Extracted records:
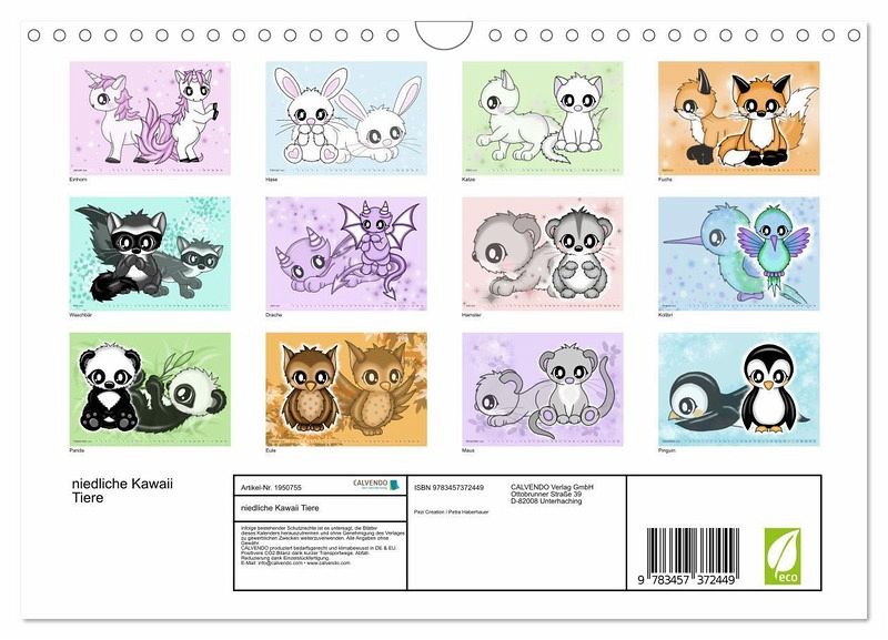 QUALITÄT - Hochwertiger Fotokalender mit 12 wunderschönen Motiven auf lichtbeständigem Bilderdruckpapier, robuste Spiralbindung mit Aufhängebügel.NACHHALTIG - deutliche Abfallreduzierung durch bedarfsgerechte Einzelstückfertigung, umweltfreundliches FSC-zertifiziertes Papier, Produktion in Deutschland, klimabewusste Logistik.PERFEKTES GESCHENK - Kalender für Freunde und Familie, für Kinder und Erwachsene, jung und alt, zu Weihnachten, Geburtstag oder zwischendurch.VIELFALT - Bildkalender in verschiedenen Formaten, z.B. DIN A5, DIN A4, DIN A3 sowie DIN A2. Ob Naturmotiv, Gemälde oder Fotos, ideal für ein persönliches Wohlfühlambiente.Kleine süße Tiere im Kawaii Zeichenstil. von Autor(in): Pezi Creation
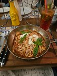 Интерьер просто замечательный! Но по пасте казарече с говядиной и горчичным соусом могу сказать, что не хватило соли, я самостоятельно довел до вкуса, но вот говядина достаточно жестковата, возможно тяжело приготовить иначе, но пасте дал бы 3/5. К пицце вопросов нет, она идеальна 5/5 Лимонад интересный, брал базилик! Хороший баланс сладкого и кислого.
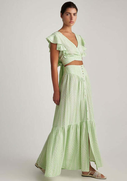Turn heads in the Mint Zakar Skirt by beachwear designer Pearl and Caviar. This piece features a v detail to create a flattering shape with button detailing and a tiered design to elevate the shape. Paired with the Mint Zakar crop top to complete the look.
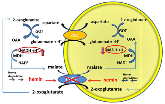 Miniero DV, Gambacorta N, Spagnoletta A, Tragni V, Loizzo S, Nicolotti O, Pierri CL, De Palma A. New Insights Regarding Hemin Inhibition of the Purified Rat Brain 2-Oxoglutarate Carrier and Relationships with Mitochondrial Dysfunction. Journal of Clinical Medicine. 2022; 11(24):7519. https://doi.org/10.3390/jcm11247519
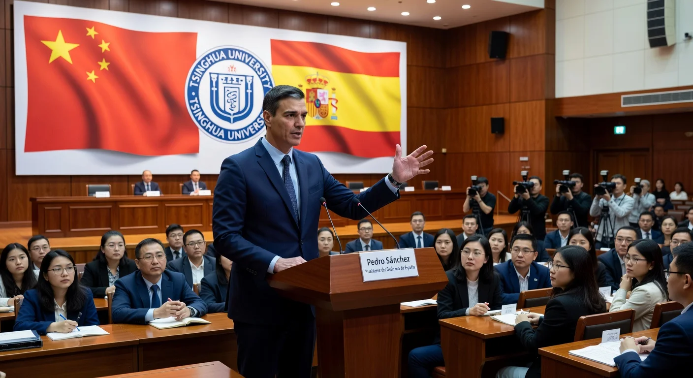 Spanish PM Pedro Sánchez speaks at Tsinghua University in Beijing, urging accurate understanding of China and stronger Europe-China ties.
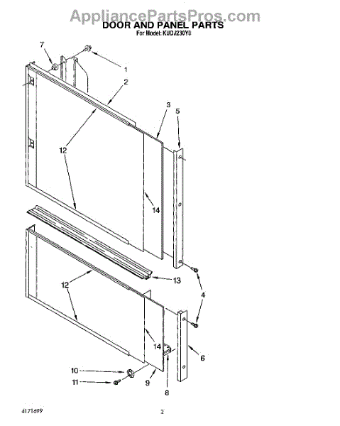 Parts for Kitchenaid KUDJ230Y0: 02 - Door And Panel Parts
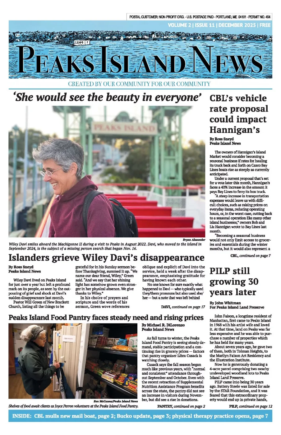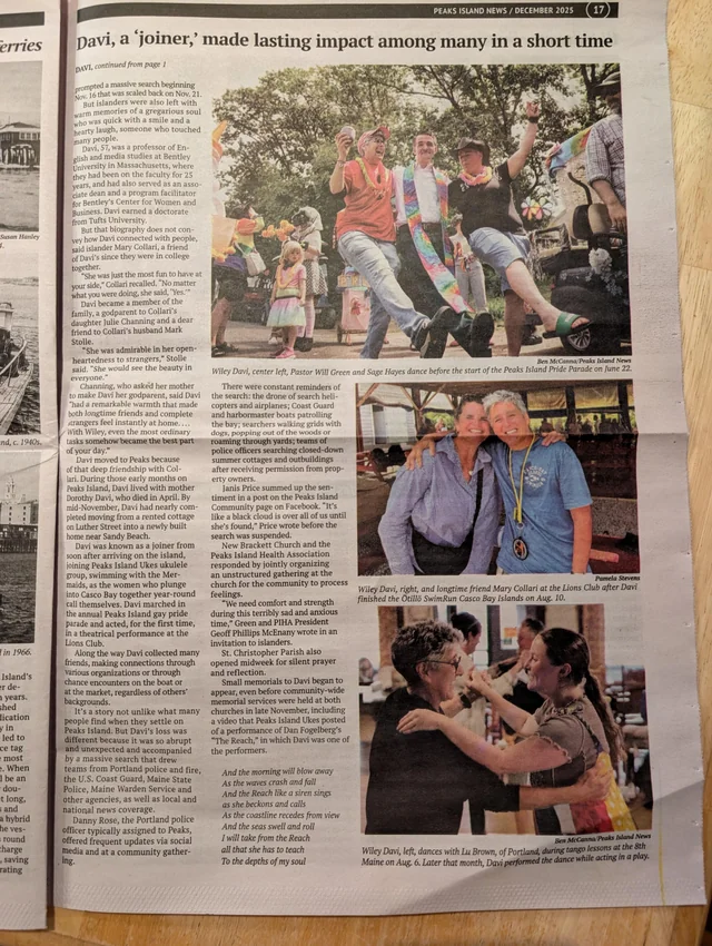 Wiley Davi, 57, who lives on Peaks Island, was last known to be on the island, which is off the coast of Portland, on Saturday evening, according to the Maine Department of Inland Fisheries and Wildlife.
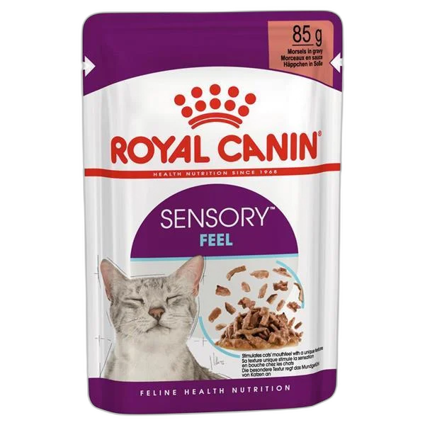 Royal Canin Sensory Feel, yetişkin kedilerin ağız içindeki doku hissini uyarmak için özel olarak geliştirilmiş tam ve dengeli bir yaş mama formülüdür. Özellikle seçici kediler için tasarlanan özel parçacık yapısı ve soslu formu sayesinde yüksek lezzetlilik sunar.
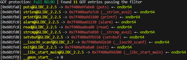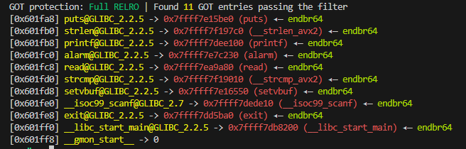 As I mentioned, libc will probably be in a different address each time the binary runs due to ASLR. One way to see this is using the debugger and looking at entries at GOT which should point to addresses of libc functions. Using pwndbg’s got command after running the binary at two different runs:
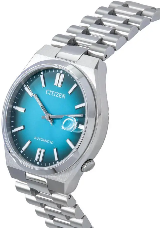 The Citizen NJ0151-88X stands out with its striking turquoise dial, a refreshing splash of color that exudes personality and sophistication. Powered by an automatic movement, this watch offers both precision and reliability without the need for batteries. The stainless steel case and bracelet provide durability, while the sleek design ensures versatility, making it suitable for both business and casual occasions. With a date display and a timeless look, this watch is the perfect blend of function and flair, tailored for those who appreciate both style and substance.
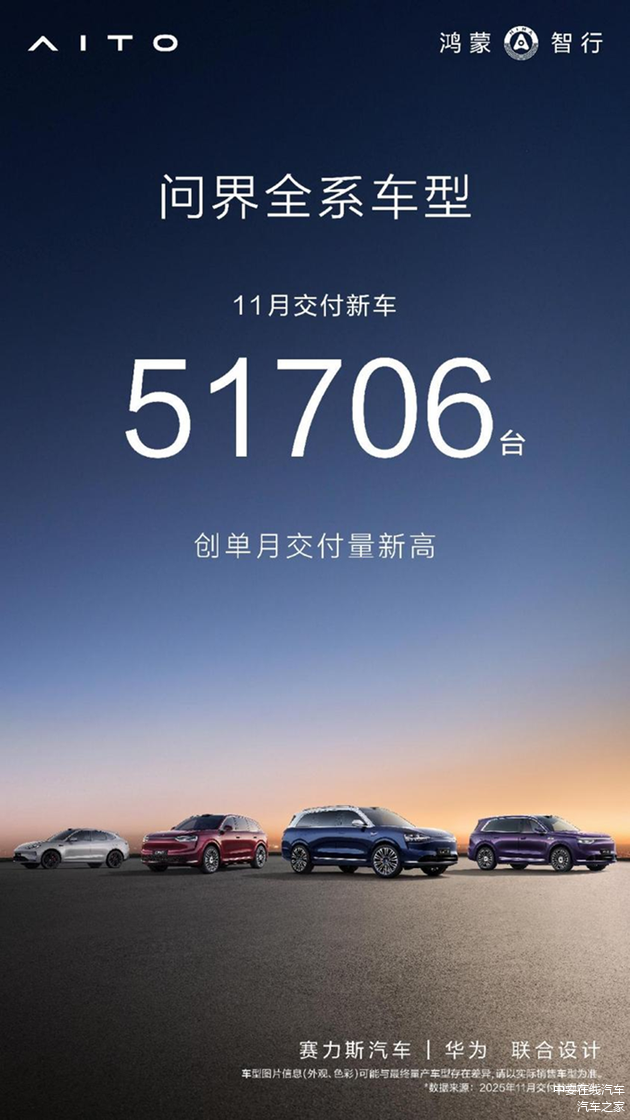 12 月 2 日,问界汽车最新月度交付数据出炉,全系车型11月交付量超5万辆,一举刷新品牌单月交付纪录。截至目前,问界全系累计交付量突破 90 万辆,充分展现出品牌在高端智能新能源汽车赛道上的强劲势头。

Assignment: Copy the lines exactly as they appear from the opening of the entries above through the line with "Turn heads in", excluding all pictures.

Response:
 QUALITÄT - Hochwertiger Fotokalender mit 12 wunderschönen Motiven auf lichtbeständigem Bilderdruckpapier, robuste Spiralbindung mit Aufhängebügel.NACHHALTIG - deutliche Abfallreduzierung durch bedarfsgerechte Einzelstückfertigung, umweltfreundliches FSC-zertifiziertes Papier, Produktion in Deutschland, klimabewusste Logistik.PERFEKTES GESCHENK - Kalender für Freunde und Familie, für Kinder und Erwachsene, jung und alt, zu Weihnachten, Geburtstag oder zwischendurch.VIELFALT - Bildkalender in verschiedenen Formaten, z.B. DIN A5, DIN A4, DIN A3 sowie DIN A2. Ob Naturmotiv, Gemälde oder Fotos, ideal für ein persönliches Wohlfühlambiente.Kleine süße Tiere im Kawaii Zeichenstil. von Autor(in): Pezi Creation
 Интерьер просто замечательный! Но по пасте казарече с говядиной и горчичным соусом могу сказать, что не хватило соли, я самостоятельно довел до вкуса, но вот говядина достаточно жестковата, возможно тяжело приготовить иначе, но пасте дал бы 3/5. К пицце вопросов нет, она идеальна 5/5 Лимонад интересный, брал базилик! Хороший баланс сладкого и кислого.
Turn heads in the Mint Zakar Skirt by beachwear designer Pearl and Caviar. This piece features a v detail to create a flattering shape with button detailing and a tiered design to elevate the shape. Paired with the Mint Zakar crop top to complete the look.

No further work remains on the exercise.